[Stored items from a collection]
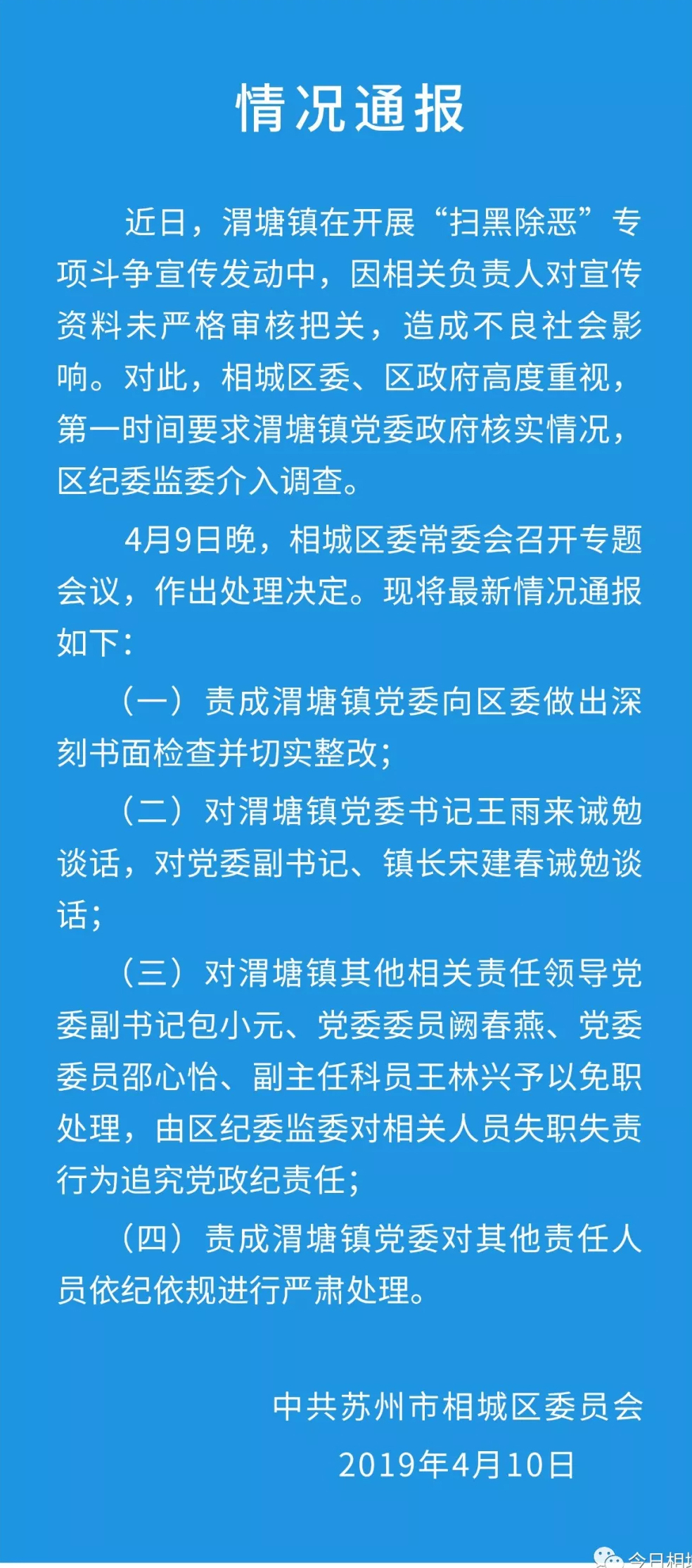 今日(4月10日),相城区委区政府官方微信“今日相城”发布情况通报称,近日,渭塘镇在开展“扫黑除恶”专项斗争宣传发动中,因相关负责人对宣传资料未严格审核把关,造成不良社会影响。对此,相城区委、区政府第一时间要求渭塘镇党委政府核实情况,区纪委监委介入调查。
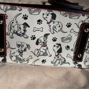 101 Dalmatian Dooney & Bourke handbag with a playful Dalmatian print. Features black and red accents.
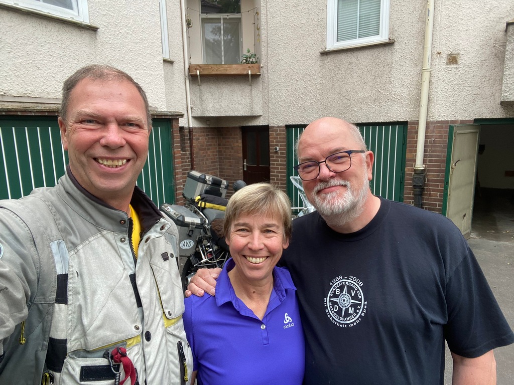 On Thursday morning I enjoyed the €13.50 buffet breakfast at the hotel, but I might have to rethink this. It seems that hotel breakfasts are not included by default anymore, there is usually a charge. Perhaps I’ll do what I did in New Zealand (where motels often didn’t even have the option of breakfast) and pick up granola and milk powder for an inexpensive start to the day. I stopped off at SW Motech to see if they had a spare screw for my tankbag mount. They did, and there was no charge. At Blackfoot in Calgary (where I bought the tankbag) they indicated the screw wasn’t available from SW Motech so I should go to a fastener store to get one. That’s when I thought I should just drop by their headquarters in Germany. I’m glad that worked out OK. I stuck to smaller country roads until Paderbron where there was heavy traffic, and not much fun riding so took the autobahn for the last 30 kilometres to Bielefeld. Peter und Inge warmly welcomed me and showed me to my room for next few days.
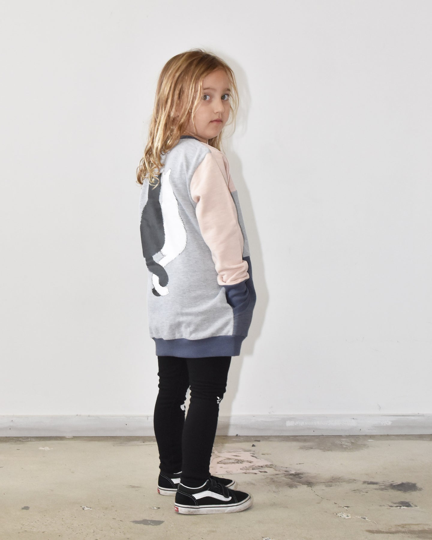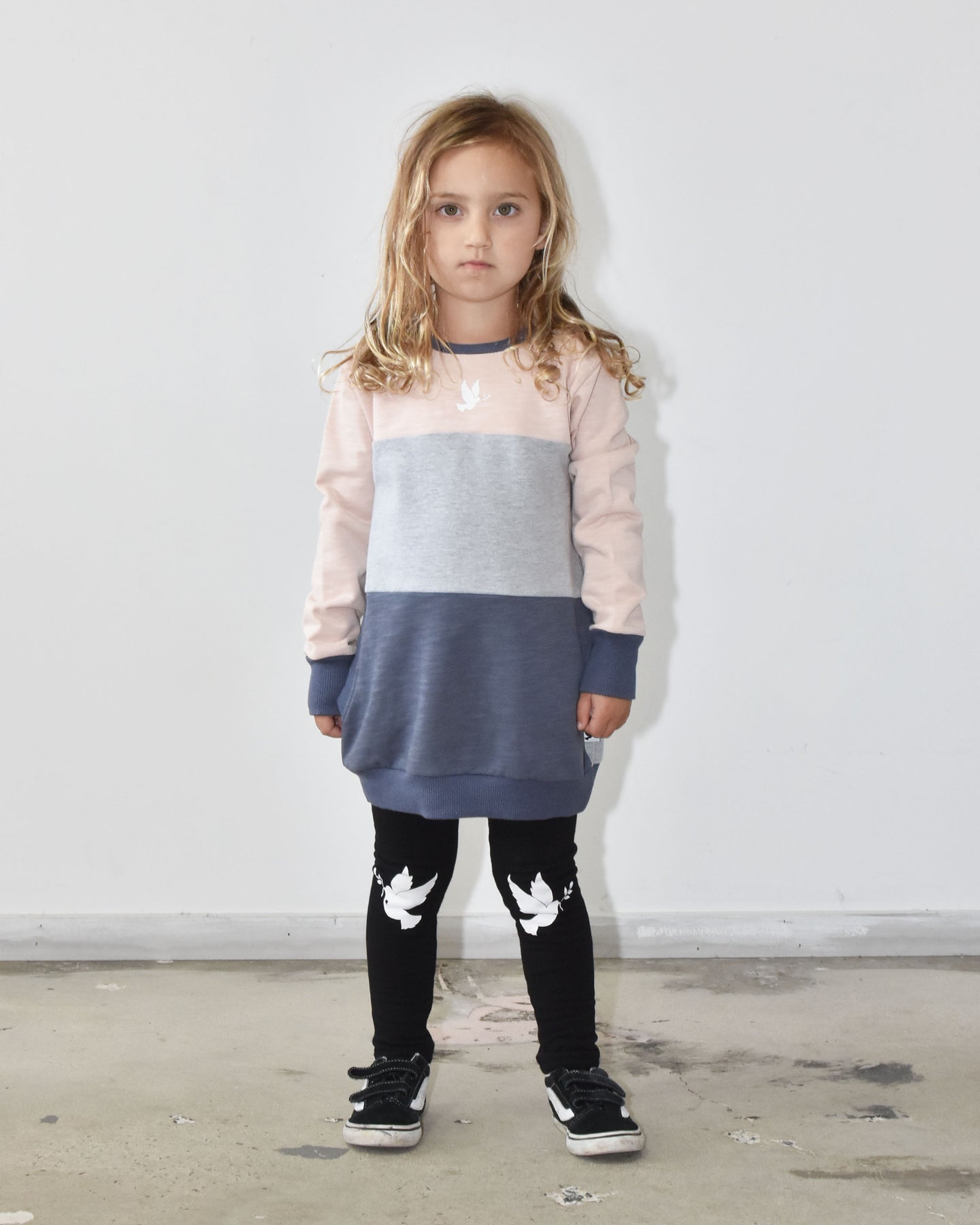 This gorgeous crew is a longer style designed to wear over leggings. Features our mini bird logo in white at chest. This crew is too cool for school. It's sure to be yours girls new fave. Great mid weight cotton for Autumn.
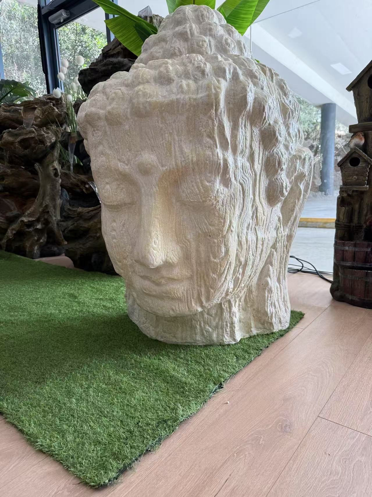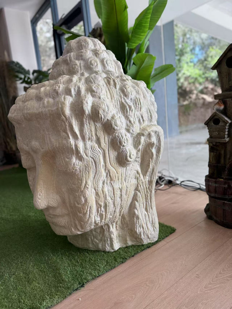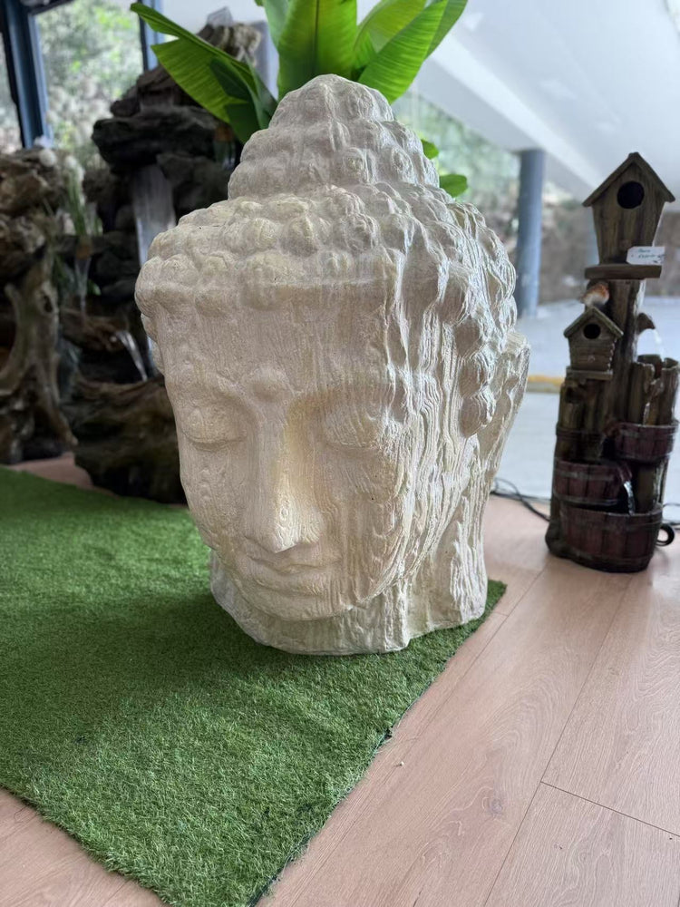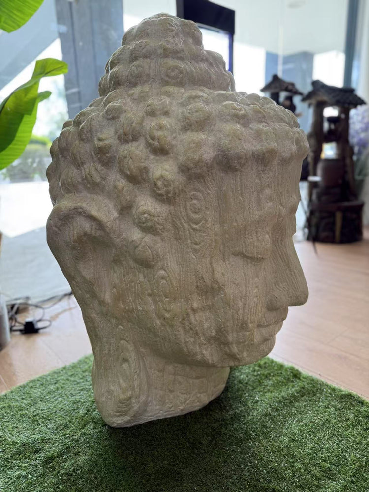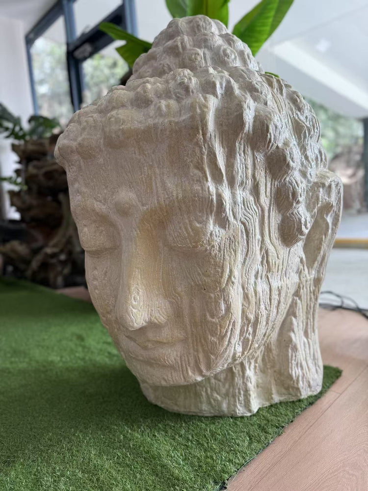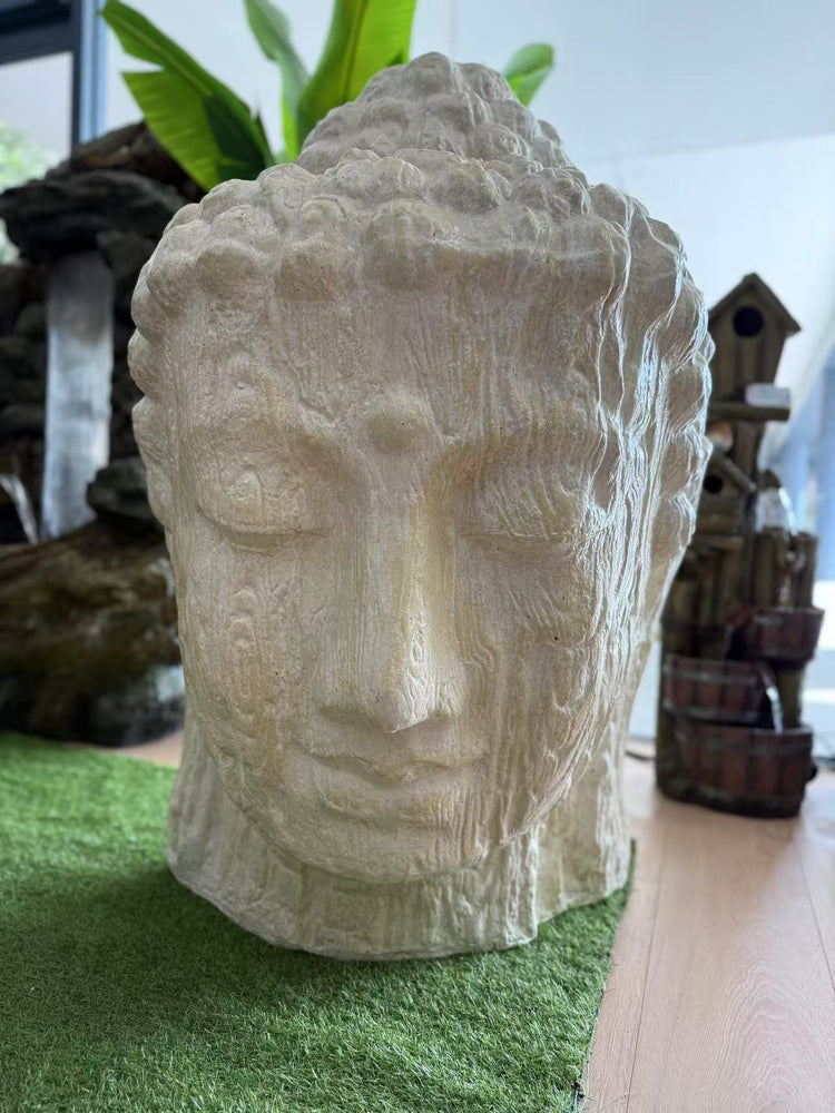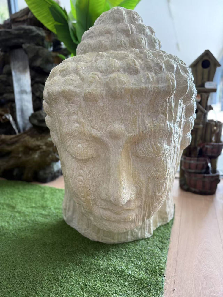 Zen Buddha Head Statue Sandstone Cement Fibre Wood Motif
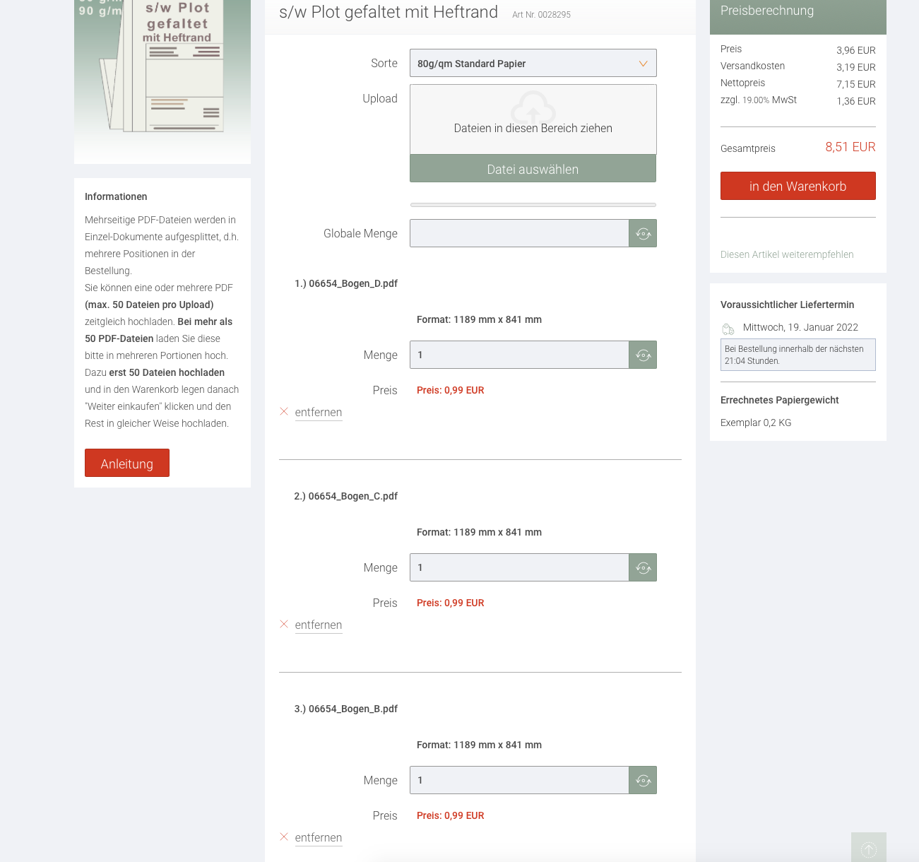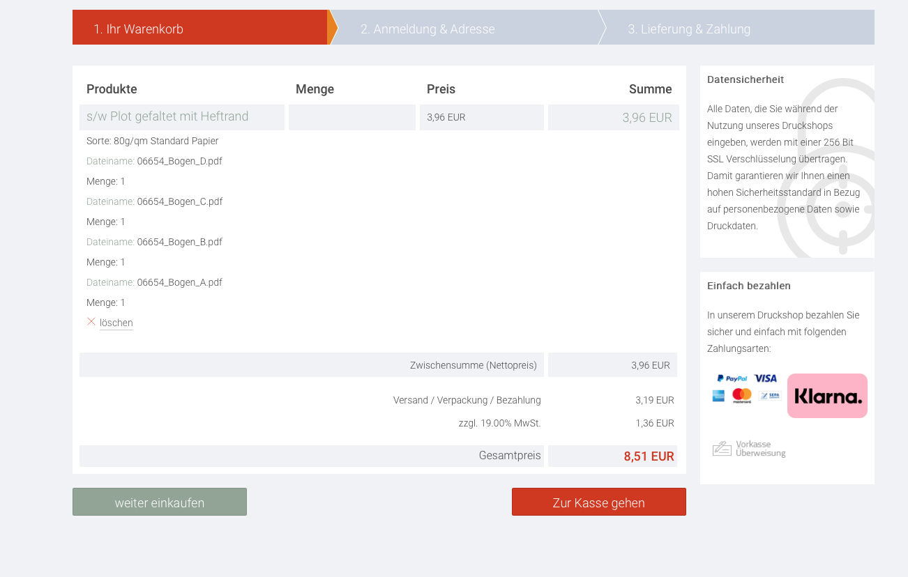 So ladet Ihr jetzt alle Dateien hoch, die Ihr drucken lassen wollt. Wie oben erwähnt, habt Ihr dabei Eure Kosten immer im Blick. Einmal, unter den hochgeladen Dateien und einmal in der rechten Seitenleiste unter dem Punkt Preisberechnung. Hier klickt Ihr auf „in den Warenkorb“, wenn Ihr alle Dateien hochgeladen habt. Nun kommt Ihr auf die nächste Seite, wie Ihr auf dem rechten Bild seht.
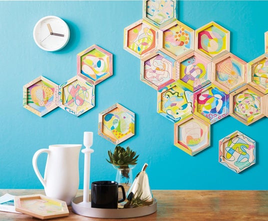 木製の額に500色の色えんぴつを使って、まるで自分が蜂になったような気持ちで色の世界に没頭します。紙とは違う木の描き心地も楽しめます。
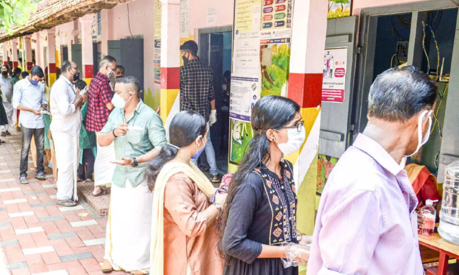 കോട്ടയം ഒളശ്ശ ഗവ. എൽ.പി സ്കൂളിൽ വോട്ട് ചെയ്യാൻ കാത്തുനിൽക്കുന്നവർ
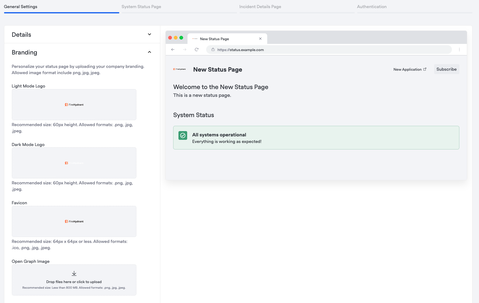 Open Graph Image | The image displayed in social media or link previews when linking the status page on other websites. Default is no image. |

The problem: What you give back must match the lines from the start of the records through the line that contains "101 Dalmatian Dooney", exactly, with the pictures left out.

Solution to this exercise:
 今日(4月10日),相城区委区政府官方微信“今日相城”发布情况通报称,近日,渭塘镇在开展“扫黑除恶”专项斗争宣传发动中,因相关负责人对宣传资料未严格审核把关,造成不良社会影响。对此,相城区委、区政府第一时间要求渭塘镇党委政府核实情况,区纪委监委介入调查。
 101 Dalmatian Dooney & Bourke handbag with a playful Dalmatian print. Features black and red accents.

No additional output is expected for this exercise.